IL-15 is a myokine synthesized in human skeletal muscle, and has been shown to have an anabolic effect on muscle growth, and also to play a role in lipid metabolism (49). Recently, it was demonstrated that IL-15 mRNA concentration was upregulated in human skeletal muscle following physical activity (50), suggesting that IL-15 could reach high levels within the muscle after regular exercise. Furthermore, there is a negative association between plasma IL-15 levels and fat mass (51).

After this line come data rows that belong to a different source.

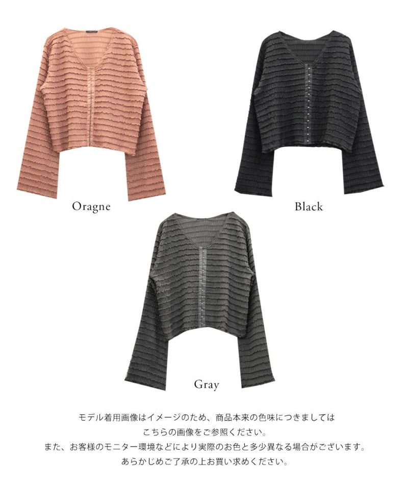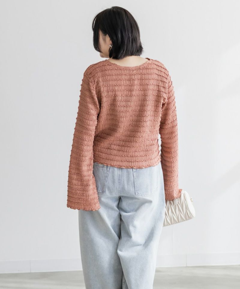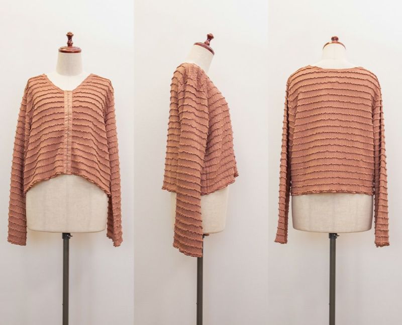 3Lサイズを着用してちょうどいいサイズ感でした。すっきりシルエットのLLサイズを着て、トップスですがピタッとせず程よくゆとりを持って着られました。軽くて伸びある生地で窮屈感なく着られました!フロントのホックが今っぽいデザインで、縦のラインが強調出来て着やせして見えます!ネックラインはVネックに綺麗に開いていて、詰まった印象が無くすっきり見えするのが嬉しいです!生地がポコポコしていて、大人カジュアルにスタイリングできるデザインになっています◎丈感も絶妙でインしなくてもコーデしやすいのもポイントです!秋~春とながく使えるトップスなのであると便利な1枚です!
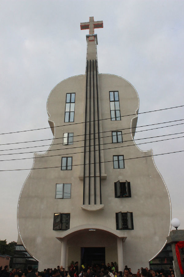 王传道说,让他吃惊的是,被划拨的土地上堆满了废渣和垃圾,污水横流,上空还有电线,这种状况曾让教会的同工一筹莫展。可是,经过祷告,王传道有了一个异象——在这废墟上建造一座小提琴教堂,让那里成为赞美之地,这曾让很多同工不解。但在王传道等人的坚持之下,2013年11月2日,盐步堂新堂奠基,2015年12月22日验收完成。不仅教堂信徒们高呼“赞美神”,就连之前不理解教会和基督徒的非信徒,也常常到小提琴教堂前拍照,赞叹连连。
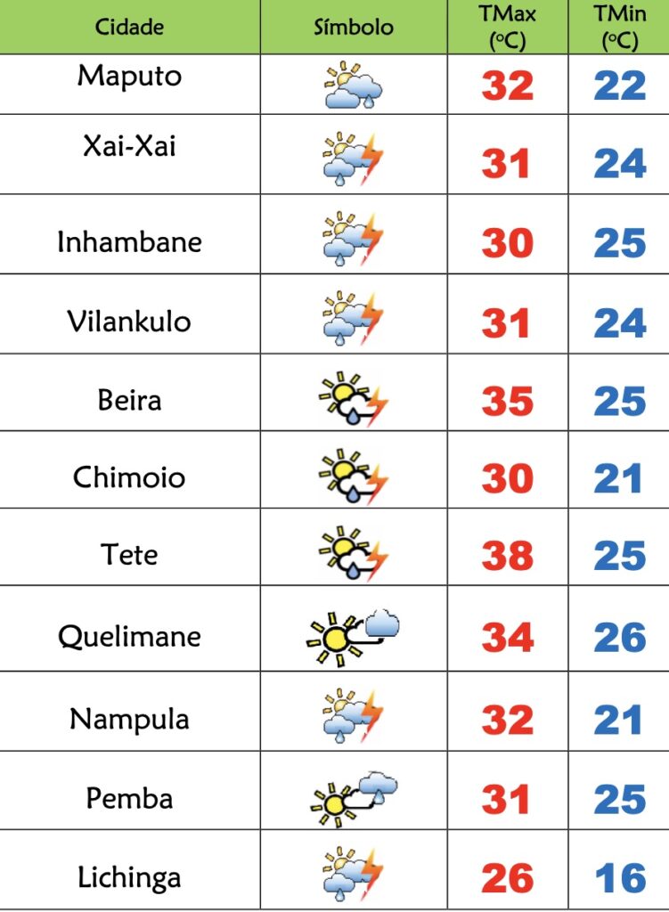 Para as províncias de Tete, Zambézia, Manica e Sofala está previsto céu pouco nublado localmente muito nublado, chuvas fracas localmente moderadas acompanhados de trovoadas principalmente em Manica e Sofala; Vento de sueste a leste fraco a moderado, soprando por vezes com rajadas.
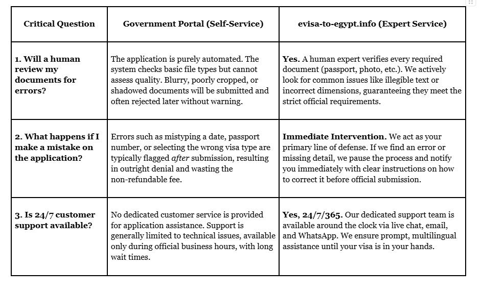 When applying online, it is important to understand how the total Egypt eVisa fee is calculated: Total Fee = Government Fee + Processing Fee (+ Rush/Super Rush)

BDNF is a neurotrophin involved in regulating growth and survival of existing neurons (52), and also growth and differentiation of new neurons and synapses, playing an active role in learning and memory (53-57). Various lines of evidence reported low levels of circulating BDNF in individuals affected by both obesity and type 2 diabetes (58) as well as in several chronic neurological diseases (Alzheimer’s disease, major depression, impaired cognitive function). BDNF mRNA and protein synthesis were upregulated in human skeletal muscle after physical activity or after electrical stimulation; unfortunately, to date, no study has been able to find muscle-derived BDNF into the circulation. BDNF appears to be a myokine working only with autocrine or paracrine action determining powerful effects on peripheral metabolism [for example, fat oxidation with a consequent effect on the amount of adipose tissue (59)].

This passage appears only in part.